SUPPLIED INFORMATION -
☆ ☆ ☆ ☆ ☆ ☆ ☆

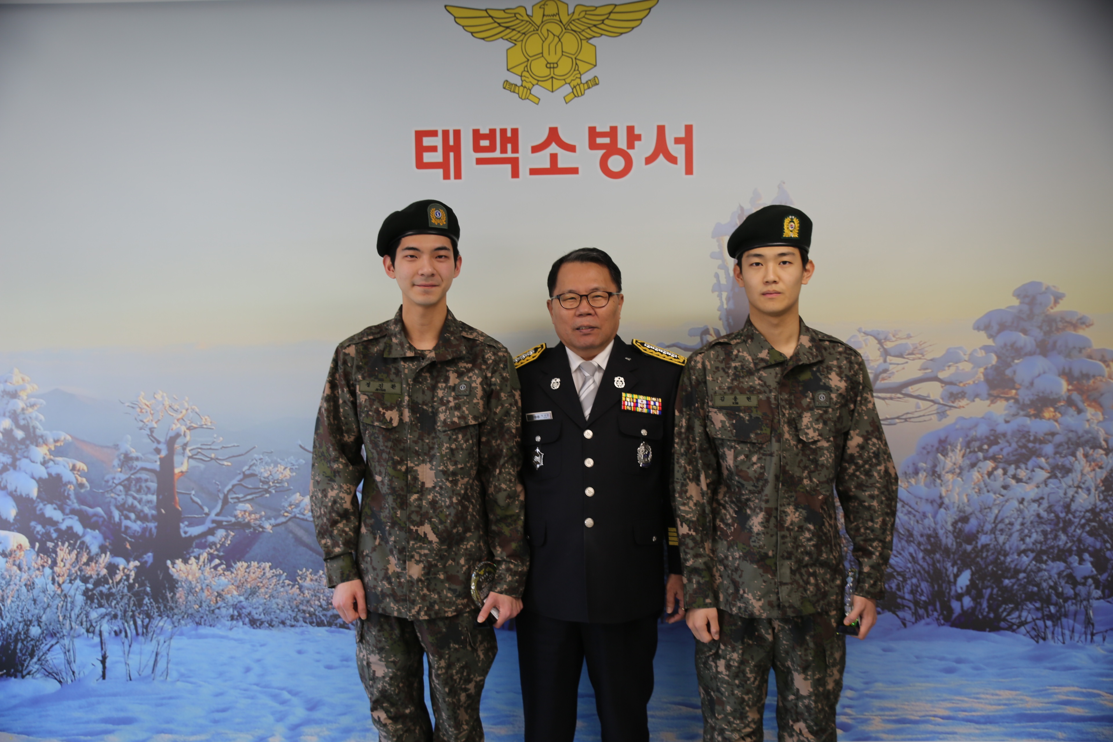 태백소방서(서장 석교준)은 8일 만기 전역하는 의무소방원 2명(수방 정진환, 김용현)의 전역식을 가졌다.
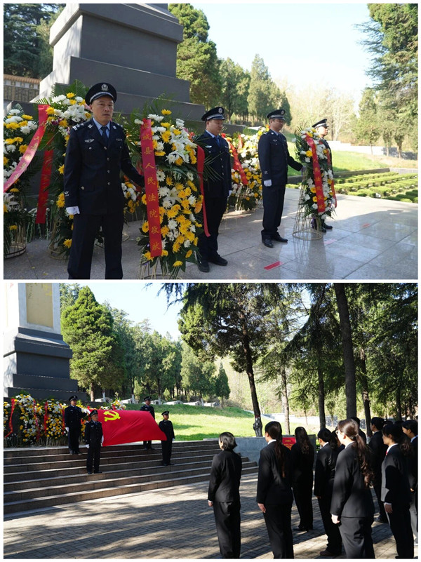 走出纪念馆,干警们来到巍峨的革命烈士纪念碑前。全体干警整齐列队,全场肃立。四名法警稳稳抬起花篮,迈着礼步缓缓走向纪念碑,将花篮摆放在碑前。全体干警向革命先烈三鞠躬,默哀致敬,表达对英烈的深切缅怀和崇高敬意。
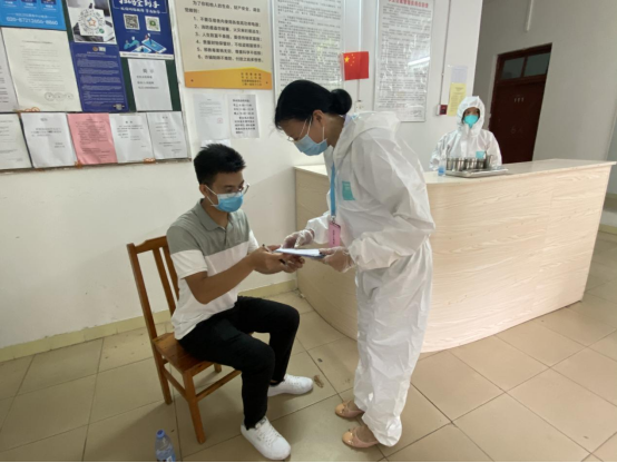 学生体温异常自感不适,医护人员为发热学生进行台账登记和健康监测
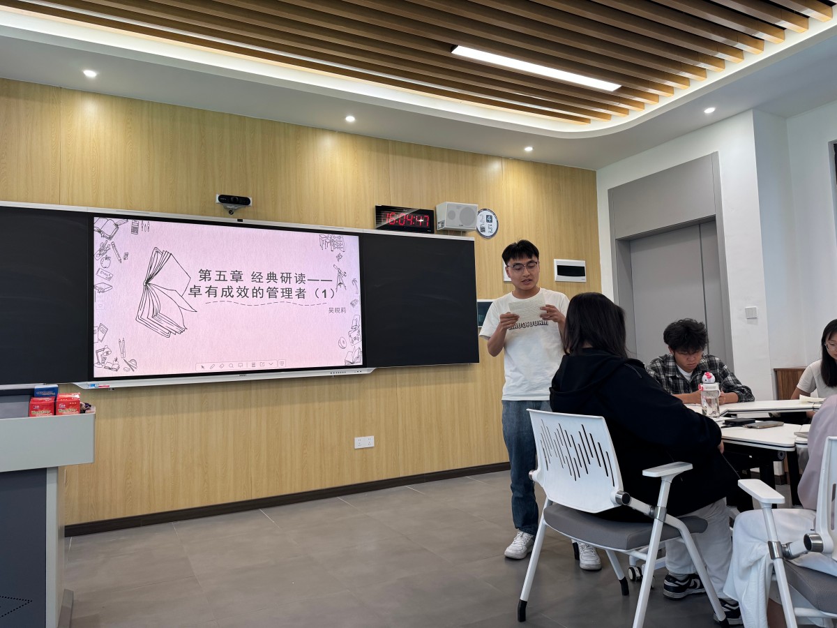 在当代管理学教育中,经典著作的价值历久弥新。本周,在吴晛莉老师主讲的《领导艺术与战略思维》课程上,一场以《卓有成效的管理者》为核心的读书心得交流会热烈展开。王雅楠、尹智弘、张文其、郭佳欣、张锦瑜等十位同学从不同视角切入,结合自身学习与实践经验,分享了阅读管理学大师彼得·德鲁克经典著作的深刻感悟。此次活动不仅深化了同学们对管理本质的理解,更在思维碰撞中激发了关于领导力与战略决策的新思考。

☆ ☆ ☆ ☆ ☆ ☆ ☆

ACTIVITY -
Print, please, exactly the lines from the one holding "走出纪念馆,干警们来到巍峨的" through the final line of the data, both included, while leaving out each picture.

RESPONSE TO THIS TASK -
 走出纪念馆,干警们来到巍峨的革命烈士纪念碑前。全体干警整齐列队,全场肃立。四名法警稳稳抬起花篮,迈着礼步缓缓走向纪念碑,将花篮摆放在碑前。全体干警向革命先烈三鞠躬,默哀致敬,表达对英烈的深切缅怀和崇高敬意。
 学生体温异常自感不适,医护人员为发热学生进行台账登记和健康监测
 在当代管理学教育中,经典著作的价值历久弥新。本周,在吴晛莉老师主讲的《领导艺术与战略思维》课程上,一场以《卓有成效的管理者》为核心的读书心得交流会热烈展开。王雅楠、尹智弘、张文其、郭佳欣、张锦瑜等十位同学从不同视角切入,结合自身学习与实践经验,分享了阅读管理学大师彼得·德鲁克经典著作的深刻感悟。此次活动不仅深化了同学们对管理本质的理解,更在思维碰撞中激发了关于领导力与战略决策的新思考。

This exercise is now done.